• _Action item_: With the pictures excluded, retype the records that follow exactly.

"""

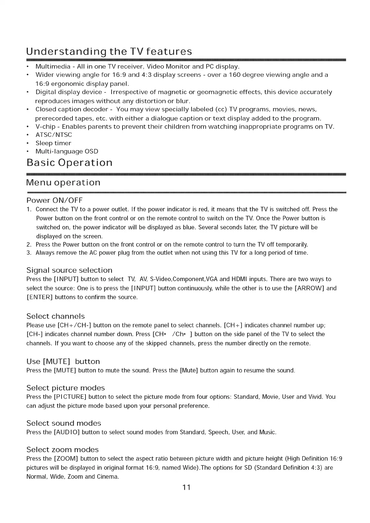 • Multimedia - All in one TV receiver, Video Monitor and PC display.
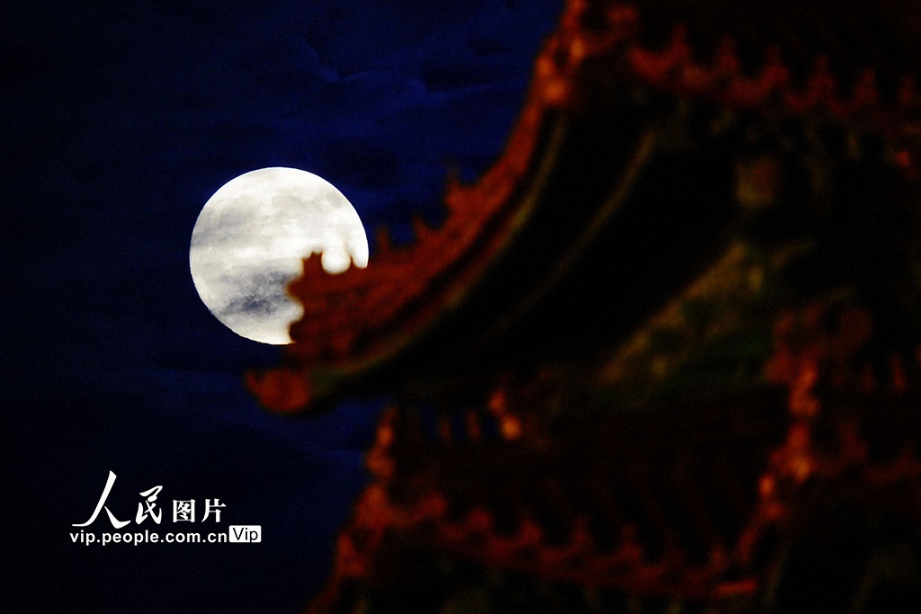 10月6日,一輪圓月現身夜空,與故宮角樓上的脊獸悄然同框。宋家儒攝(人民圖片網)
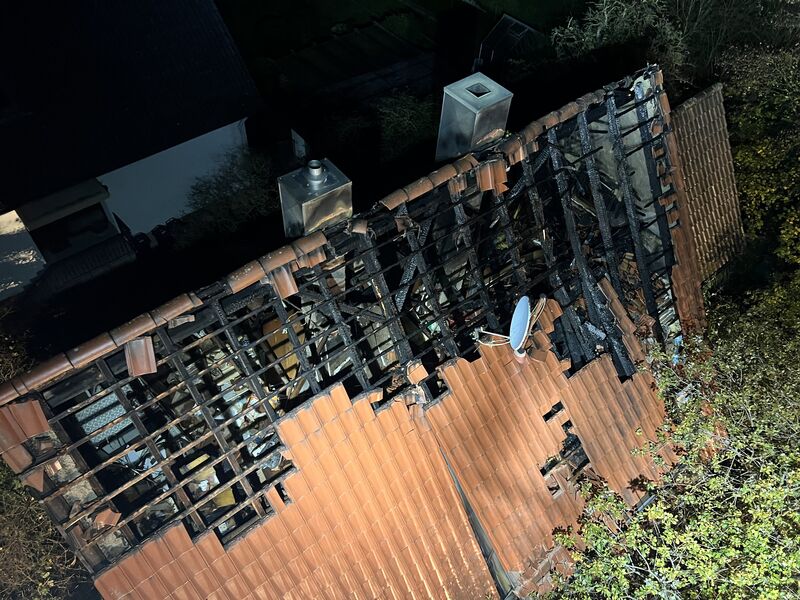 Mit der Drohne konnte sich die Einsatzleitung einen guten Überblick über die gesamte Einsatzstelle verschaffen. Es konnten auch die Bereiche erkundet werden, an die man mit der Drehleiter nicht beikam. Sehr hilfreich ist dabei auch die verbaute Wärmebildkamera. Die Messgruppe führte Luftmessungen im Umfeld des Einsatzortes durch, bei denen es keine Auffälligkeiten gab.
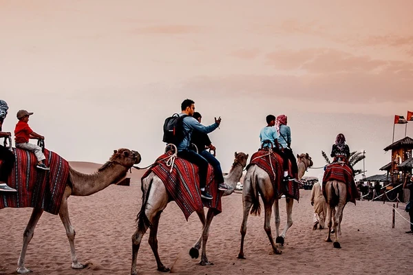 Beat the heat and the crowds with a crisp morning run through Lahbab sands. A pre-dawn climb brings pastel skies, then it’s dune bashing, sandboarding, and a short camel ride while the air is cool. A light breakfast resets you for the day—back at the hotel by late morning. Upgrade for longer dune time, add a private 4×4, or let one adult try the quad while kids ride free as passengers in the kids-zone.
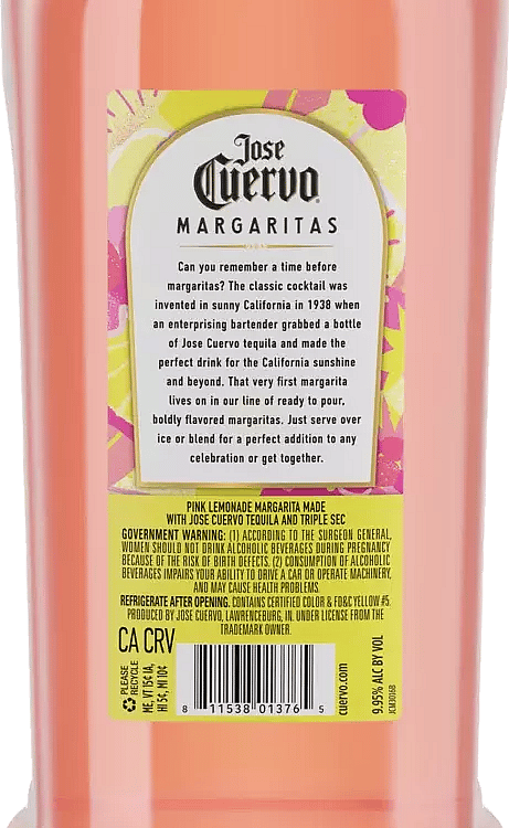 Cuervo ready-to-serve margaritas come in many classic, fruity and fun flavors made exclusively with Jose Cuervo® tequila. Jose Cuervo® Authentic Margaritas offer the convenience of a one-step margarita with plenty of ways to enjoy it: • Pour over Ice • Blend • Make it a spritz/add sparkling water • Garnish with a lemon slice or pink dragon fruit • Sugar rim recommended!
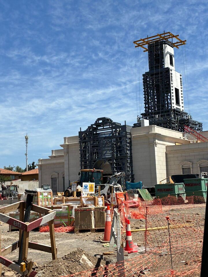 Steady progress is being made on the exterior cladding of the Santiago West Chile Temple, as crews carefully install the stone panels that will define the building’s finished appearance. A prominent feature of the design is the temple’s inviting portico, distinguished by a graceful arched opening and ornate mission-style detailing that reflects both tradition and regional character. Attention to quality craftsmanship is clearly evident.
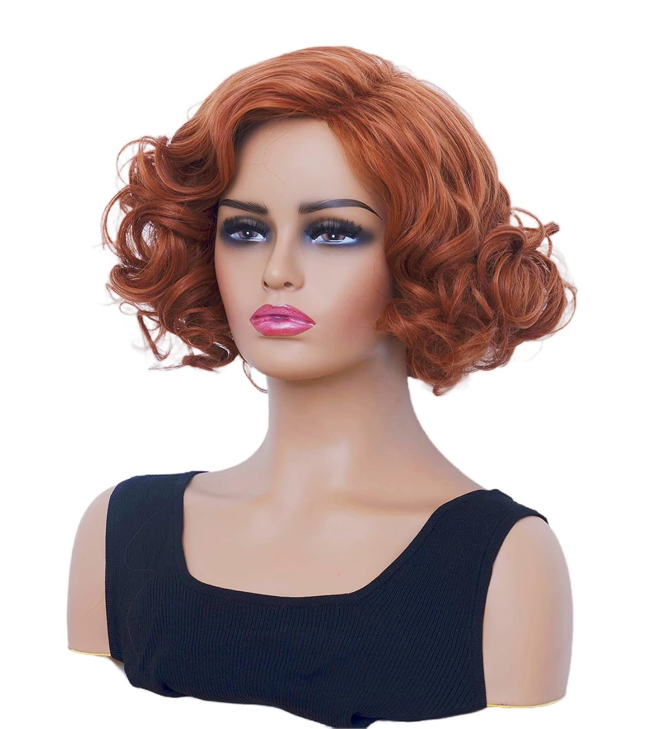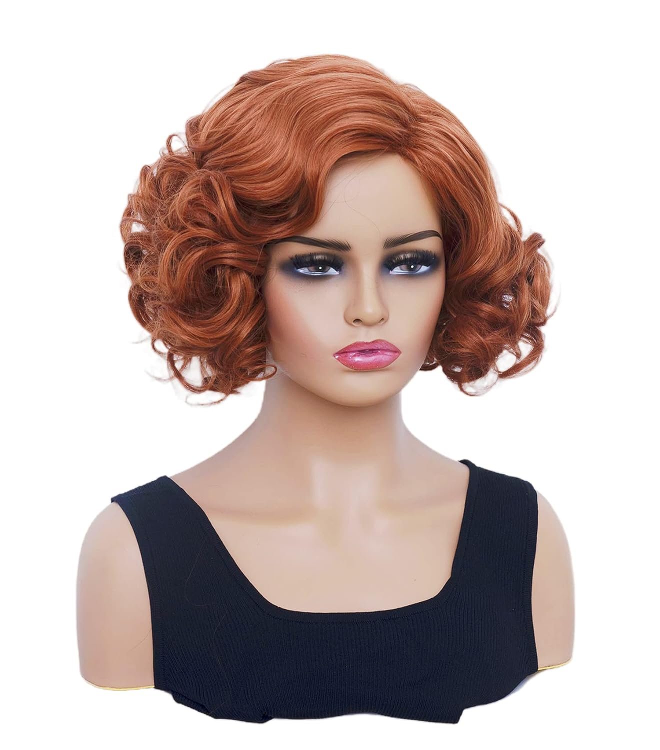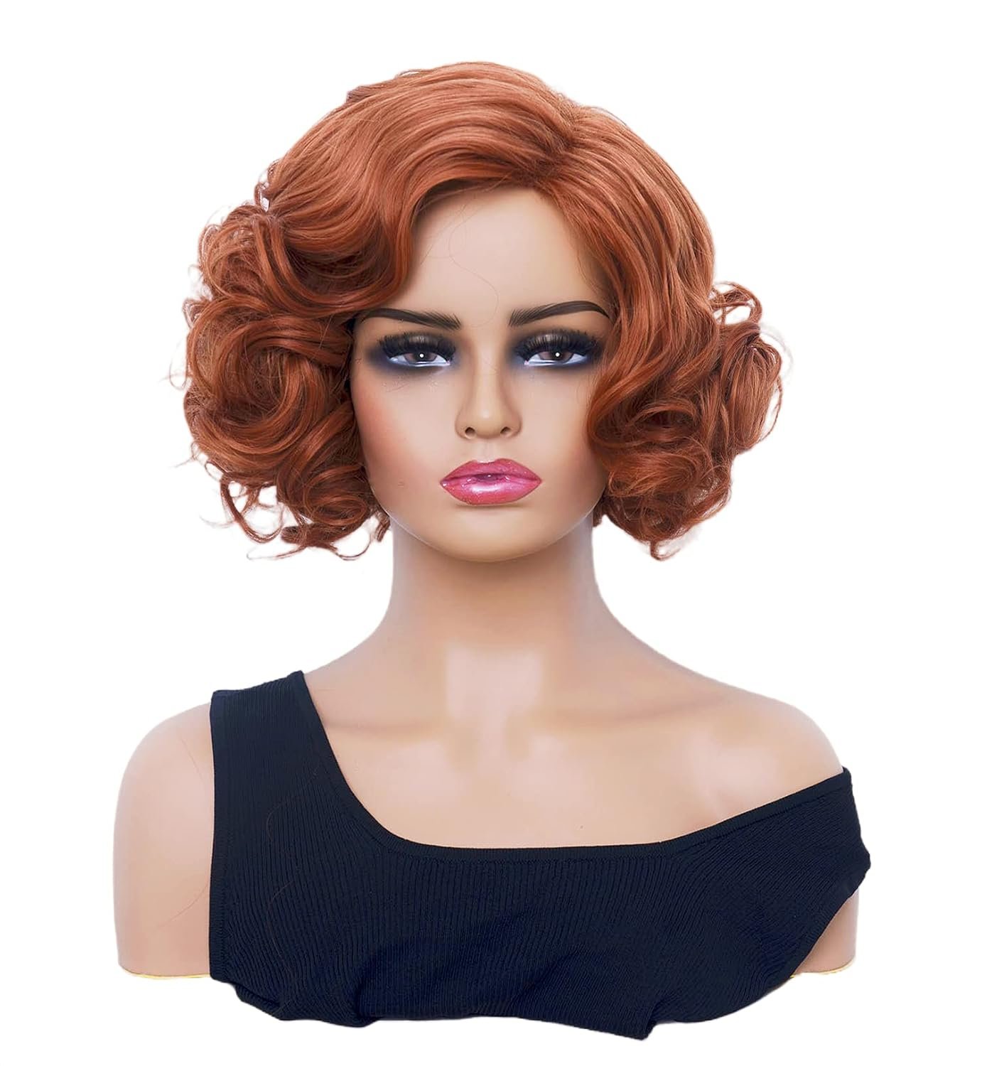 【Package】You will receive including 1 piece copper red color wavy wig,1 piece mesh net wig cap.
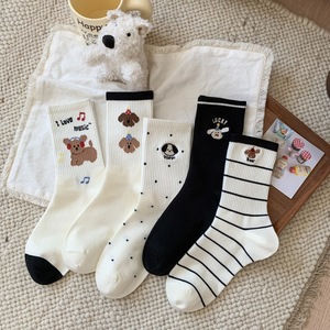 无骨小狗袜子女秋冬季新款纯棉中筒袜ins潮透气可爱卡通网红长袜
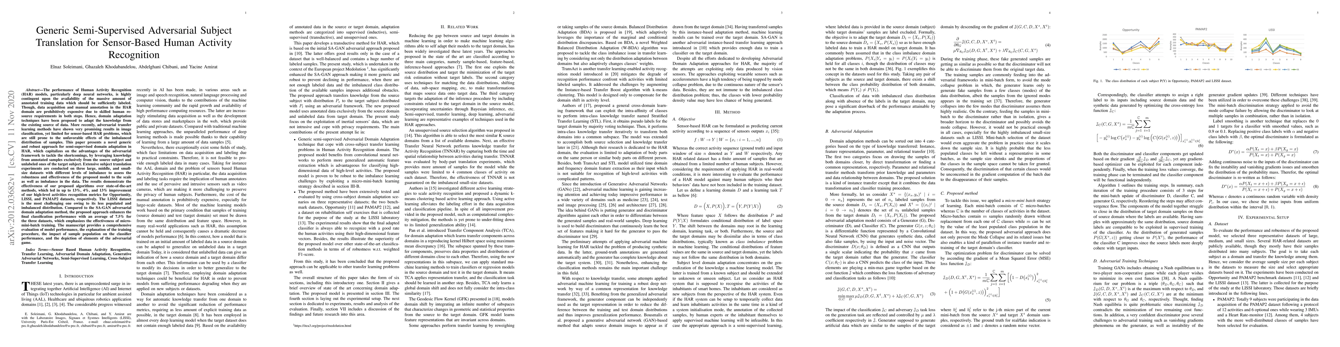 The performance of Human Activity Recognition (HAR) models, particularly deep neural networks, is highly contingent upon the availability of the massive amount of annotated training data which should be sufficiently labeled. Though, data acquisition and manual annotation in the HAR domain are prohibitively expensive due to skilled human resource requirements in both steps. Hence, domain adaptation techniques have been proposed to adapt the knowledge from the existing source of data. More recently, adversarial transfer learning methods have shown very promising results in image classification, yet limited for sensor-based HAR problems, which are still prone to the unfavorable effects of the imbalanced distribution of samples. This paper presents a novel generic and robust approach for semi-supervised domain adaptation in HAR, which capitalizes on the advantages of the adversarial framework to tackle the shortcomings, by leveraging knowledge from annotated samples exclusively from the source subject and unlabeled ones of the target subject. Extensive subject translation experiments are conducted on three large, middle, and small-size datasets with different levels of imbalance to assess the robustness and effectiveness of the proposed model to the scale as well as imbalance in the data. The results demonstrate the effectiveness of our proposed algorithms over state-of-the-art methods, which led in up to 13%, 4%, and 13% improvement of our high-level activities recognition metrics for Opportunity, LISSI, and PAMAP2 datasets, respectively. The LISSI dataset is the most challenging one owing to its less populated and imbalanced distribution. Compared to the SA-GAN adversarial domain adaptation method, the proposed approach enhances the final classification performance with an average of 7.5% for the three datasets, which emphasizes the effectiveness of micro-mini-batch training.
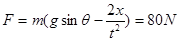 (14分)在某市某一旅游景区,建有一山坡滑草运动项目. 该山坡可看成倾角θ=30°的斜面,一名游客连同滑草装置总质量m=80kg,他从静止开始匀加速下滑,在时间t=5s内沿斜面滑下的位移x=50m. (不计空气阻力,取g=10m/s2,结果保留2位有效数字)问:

"""

• _Your solution_:
 • Multimedia - All in one TV receiver, Video Monitor and PC display.
 10月6日,一輪圓月現身夜空,與故宮角樓上的脊獸悄然同框。宋家儒攝(人民圖片網)
 Mit der Drohne konnte sich die Einsatzleitung einen guten Überblick über die gesamte Einsatzstelle verschaffen. Es konnten auch die Bereiche erkundet werden, an die man mit der Drehleiter nicht beikam. Sehr hilfreich ist dabei auch die verbaute Wärmebildkamera. Die Messgruppe führte Luftmessungen im Umfeld des Einsatzortes durch, bei denen es keine Auffälligkeiten gab.
 Beat the heat and the crowds with a crisp morning run through Lahbab sands. A pre-dawn climb brings pastel skies, then it’s dune bashing, sandboarding, and a short camel ride while the air is cool. A light breakfast resets you for the day—back at the hotel by late morning. Upgrade for longer dune time, add a private 4×4, or let one adult try the quad while kids ride free as passengers in the kids-zone.
 Cuervo ready-to-serve margaritas come in many classic, fruity and fun flavors made exclusively with Jose Cuervo® tequila. Jose Cuervo® Authentic Margaritas offer the convenience of a one-step margarita with plenty of ways to enjoy it: • Pour over Ice • Blend • Make it a spritz/add sparkling water • Garnish with a lemon slice or pink dragon fruit • Sugar rim recommended!
 Steady progress is being made on the exterior cladding of the Santiago West Chile Temple, as crews carefully install the stone panels that will define the building’s finished appearance. A prominent feature of the design is the temple’s inviting portico, distinguished by a graceful arched opening and ornate mission-style detailing that reflects both tradition and regional character. Attention to quality craftsmanship is clearly evident.
 【Package】You will receive including 1 piece copper red color wavy wig,1 piece mesh net wig cap.
 无骨小狗袜子女秋冬季新款纯棉中筒袜ins潮透气可爱卡通网红长袜
 The performance of Human Activity Recognition (HAR) models, particularly deep neural networks, is highly contingent upon the availability of the massive amount of annotated training data which should be sufficiently labeled. Though, data acquisition and manual annotation in the HAR domain are prohibitively expensive due to skilled human resource requirements in both steps. Hence, domain adaptation techniques have been proposed to adapt the knowledge from the existing source of data. More recently, adversarial transfer learning methods have shown very promising results in image classification, yet limited for sensor-based HAR problems, which are still prone to the unfavorable effects of the imbalanced distribution of samples. This paper presents a novel generic and robust approach for semi-supervised domain adaptation in HAR, which capitalizes on the advantages of the adversarial framework to tackle the shortcomings, by leveraging knowledge from annotated samples exclusively from the source subject and unlabeled ones of the target subject. Extensive subject translation experiments are conducted on three large, middle, and small-size datasets with different levels of imbalance to assess the robustness and effectiveness of the proposed model to the scale as well as imbalance in the data. The results demonstrate the effectiveness of our proposed algorithms over state-of-the-art methods, which led in up to 13%, 4%, and 13% improvement of our high-level activities recognition metrics for Opportunity, LISSI, and PAMAP2 datasets, respectively. The LISSI dataset is the most challenging one owing to its less populated and imbalanced distribution. Compared to the SA-GAN adversarial domain adaptation method, the proposed approach enhances the final classification performance with an average of 7.5% for the three datasets, which emphasizes the effectiveness of micro-mini-batch training.
 (14分)在某市某一旅游景区,建有一山坡滑草运动项目. 该山坡可看成倾角θ=30°的斜面,一名游客连同滑草装置总质量m=80kg,他从静止开始匀加速下滑,在时间t=5s内沿斜面滑下的位移x=50m. (不计空气阻力,取g=10m/s2,结果保留2位有效数字)问:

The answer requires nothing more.